Regulatory Audit Replay With Historical Policy Versions
by Nick Clark | Published April 25, 2026
EU AI Act, FDA AI/ML SaMD, NHTSA training-data provenance — all converge on requiring replay capability that includes the policy in force at the audited time, not just the data. Historical policy-version reconstruction provides what current data-time-travel architecture does not.
What Regulatory Audit Replay Requires
Emerging AI and autonomy regulations specify audit requirements that go beyond data preservation. The EU AI Act requires post-market monitoring with the ability to reconstruct system behavior in support of investigation. FDA's AI/ML SaMD framework requires predetermined change control plans with the ability to demonstrate compliance with the plan over time. NHTSA's emerging autonomous-vehicle safety reporting requires reconstruction of decision context.
The common thread is policy-aware replay. Regulators don't just want to know what the data was; they want to know what the system was supposed to do with the data under the rules in force. Reconstruction without policy versioning produces incomplete answers that inadequately support regulatory determinations.
Why Regulators Are Converging on Policy-Aware Audit
Regulators have learned that data-only audit produces inadequate answers in autonomous-system contexts. A self-driving system that operated correctly under one policy version may have produced an outcome that under a later policy would be evaluated differently. A medical-decision-support system that classified a patient correctly under one set of clinical rules may have been re-tuned subsequently. A predictive-policing system that operated under one bias-mitigation policy may have been replaced with a system under a different policy.

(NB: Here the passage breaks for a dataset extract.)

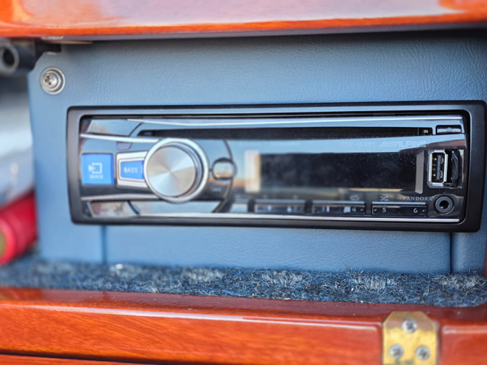 • Alpine AM/FM/CD player and speakers with custom Mahogany covers

Each case requires audit that includes policy provenance. The regulator's question — 'was this system operating compliantly with its applicable rules' — has no good answer if the rules in force at the audited time aren't preserved structurally.
How Architectural Policy Versioning Composes With Audit
Each governance policy is a credentialed observation in the lineage. Audit replay walks the lineage to retrieve the relevant policy version at any target time. The replay can reconstruct: what data the system saw, what policy was in force, what processing the policy specified, what decisions the system reached, what the system's audit-grade lineage records of those decisions show.
The replay is governance-credentialed. The regulator's audit authority is itself a credentialed authority within the architecture. The replay produces credentialed audit observations that the regulator consumes through its own admissibility framework. The architecture supports the regulator-audit pattern structurally rather than through ad-hoc per-system audit tooling.
What This Enables for Regulated AI/Autonomy Deployment
Operators deploying AI/autonomy under EU AI Act, FDA AI/ML SaMD, and emerging US/Asian regulatory frameworks gain audit-grade architecture that maps directly to compliance requirements. The compliance pathway becomes architectural rather than per-deployment custom-built.
Cross-jurisdictional compliance — increasingly important as AI/autonomy operates across regulatory boundaries — gains the structural support that current custom-built compliance does not provide. The patent positions the primitive at the layer where regulated AI/autonomy is converging architecturally.